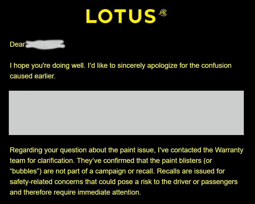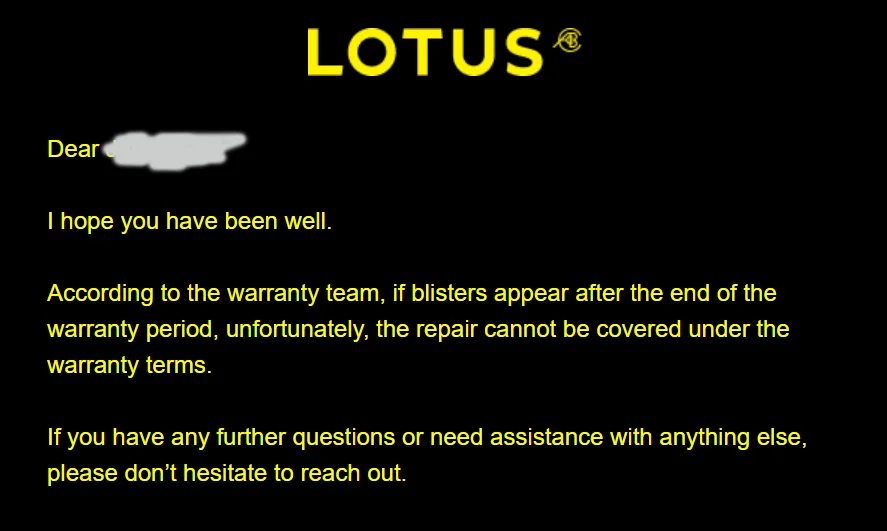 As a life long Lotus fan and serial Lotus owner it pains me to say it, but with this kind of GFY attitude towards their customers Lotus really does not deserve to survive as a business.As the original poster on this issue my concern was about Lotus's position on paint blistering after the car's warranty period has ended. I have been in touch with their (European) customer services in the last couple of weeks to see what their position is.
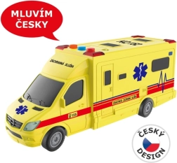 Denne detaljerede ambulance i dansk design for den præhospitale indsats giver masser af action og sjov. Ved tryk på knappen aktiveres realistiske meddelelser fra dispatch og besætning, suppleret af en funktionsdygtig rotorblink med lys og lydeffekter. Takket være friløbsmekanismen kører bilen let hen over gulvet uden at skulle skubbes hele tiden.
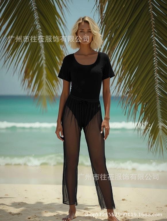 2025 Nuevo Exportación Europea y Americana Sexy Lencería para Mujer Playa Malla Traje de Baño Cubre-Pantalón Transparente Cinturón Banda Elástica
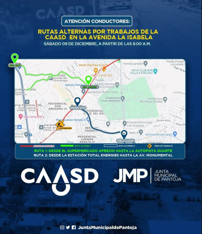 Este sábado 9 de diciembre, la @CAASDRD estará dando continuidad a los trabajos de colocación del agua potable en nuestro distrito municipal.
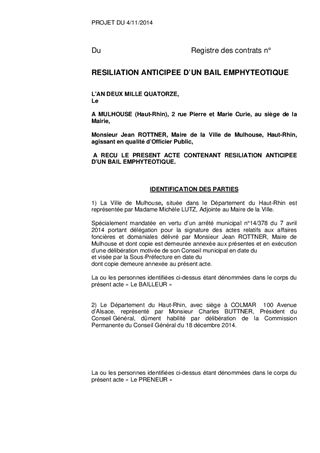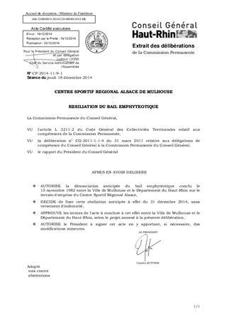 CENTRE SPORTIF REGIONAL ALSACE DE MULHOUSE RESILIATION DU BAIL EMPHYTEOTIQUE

__________________________________________________

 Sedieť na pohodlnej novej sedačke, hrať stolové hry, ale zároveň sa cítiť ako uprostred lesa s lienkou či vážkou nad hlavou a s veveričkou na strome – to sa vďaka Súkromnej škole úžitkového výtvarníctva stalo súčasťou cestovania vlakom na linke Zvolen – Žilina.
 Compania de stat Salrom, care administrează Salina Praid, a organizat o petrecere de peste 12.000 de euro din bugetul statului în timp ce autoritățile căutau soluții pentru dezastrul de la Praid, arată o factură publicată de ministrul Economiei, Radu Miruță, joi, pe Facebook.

__________________________________________________

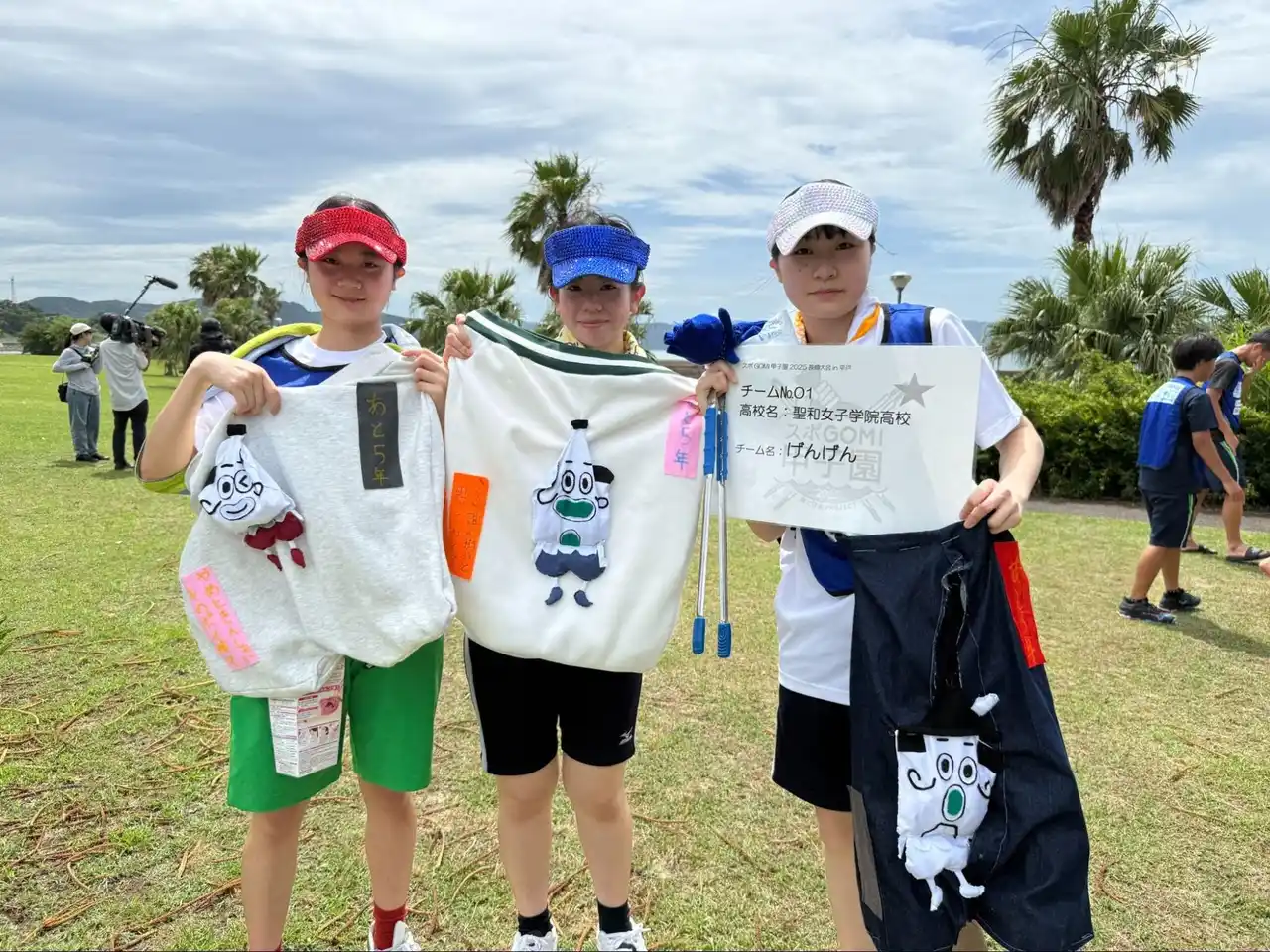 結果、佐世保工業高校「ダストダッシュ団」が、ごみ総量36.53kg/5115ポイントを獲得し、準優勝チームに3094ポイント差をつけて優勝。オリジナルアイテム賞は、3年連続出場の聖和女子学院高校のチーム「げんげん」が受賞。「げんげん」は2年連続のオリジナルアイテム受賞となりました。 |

__________________________________________________

- Work request
Reproduce the data above exactly, but only from the line containing "As a life long" through the line containing "CENTRE SPORTIF REGIONAL"; skip the pictures.

- Task answer
 As a life long Lotus fan and serial Lotus owner it pains me to say it, but with this kind of GFY attitude towards their customers Lotus really does not deserve to survive as a business.As the original poster on this issue my concern was about Lotus's position on paint blistering after the car's warranty period has ended. I have been in touch with their (European) customer services in the last couple of weeks to see what their position is.
 Denne detaljerede ambulance i dansk design for den præhospitale indsats giver masser af action og sjov. Ved tryk på knappen aktiveres realistiske meddelelser fra dispatch og besætning, suppleret af en funktionsdygtig rotorblink med lys og lydeffekter. Takket være friløbsmekanismen kører bilen let hen over gulvet uden at skulle skubbes hele tiden.
 2025 Nuevo Exportación Europea y Americana Sexy Lencería para Mujer Playa Malla Traje de Baño Cubre-Pantalón Transparente Cinturón Banda Elástica
 Este sábado 9 de diciembre, la @CAASDRD estará dando continuidad a los trabajos de colocación del agua potable en nuestro distrito municipal.
 CENTRE SPORTIF REGIONAL ALSACE DE MULHOUSE RESILIATION DU BAIL EMPHYTEOTIQUE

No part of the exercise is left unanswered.